0429 Respiratory Safety of Lemborexant in Adult and Elderly Subjects with Mild Obstructive Sleep Apnea

Abstract

Introduction: Lemborexant (LEM) is a dual-orexin-receptor antagonist under development for the treatment of insomnia and irregular sleep-wake rhythm disorder. As concerns regarding current sleep-promoting drugs include central respiratory depression (benzodiazepines) and limited safety evidence in vulnerable individuals such as the elderly (nonbenzodiazepine receptor agonists) and individuals with obstructive sleep apnea (OSA), it is important that LEM demonstrate safety in these groups. The primary objective of this study was to determine whether multiple LEM doses increased apnea-hypopnea index (AHI) in adult and elderly subjects with mild OSA versus placebo (PBO) using polysomnography (PSG).

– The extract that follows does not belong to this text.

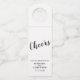 Añada un toque personal a su boda con un colgador de botellas boda de escritura moderno. Este colgador de botellas incluye el título 'Cheers' en letra de escritura moderna en negro con nombre y fecha en letra moderna sans serif en fondo blanco.

Secondary objectives included whether AHI increased and peripheral oxygen saturation (SpO2) decreased after single and multiple doses, and if SpO2 decreased below defined thresholds. Methods: This was a multicenter, multiple-dose, randomized, double-blind, PBO-controlled, 2-period crossover study in adult (age <65y) and elderly (age ≥65y) subjects with mild OSA (5≤AHI<15). Subjects were randomized to two 8-night treatment periods (separated by a washout ≥14d) with either LEM 10mg (LEM10) or PBO. In-lab PSG was performed at screening and on the first and last nights of both treatment periods. Results: Thirty-nine subjects were randomized. The majority were White and female (61.5% each). Mean age was 57.2y; 66.7% were <65y and 33.3% were ≥65y. Mean baseline SpO2 (94.8%) and AHI (9.0) were comparable across treatment sequences. There was no significant difference in AHI (least squares mean) after single or multiple doses of LEM10 versus PBO (single: LEM10, 10.29; PBO, 10.22, P=0.979; multiple: LEM10, 9.93; PBO, 10.00, P=0.948). Similarly, there were no significant differences for LEM10 versus PBO in SpO2 after multiple or single doses (single: LEM10, 94.62%; PBO, 94.54%, P=0.699; multiple: LEM10, 94.65%; PBO, 94.39%, P=0.169), nor were there statistically significant differences from PBO for SpO2 below the thresholds of <90%, <85%, <80%, and for the presence of ≥1 incident of SpO2 <90% ≥30 seconds. Conclusion: LEM demonstrates respiratory safety with multiple and single dosing in adult and elderly subjects with mild OSA, as objectively measured by AHI and SpO2.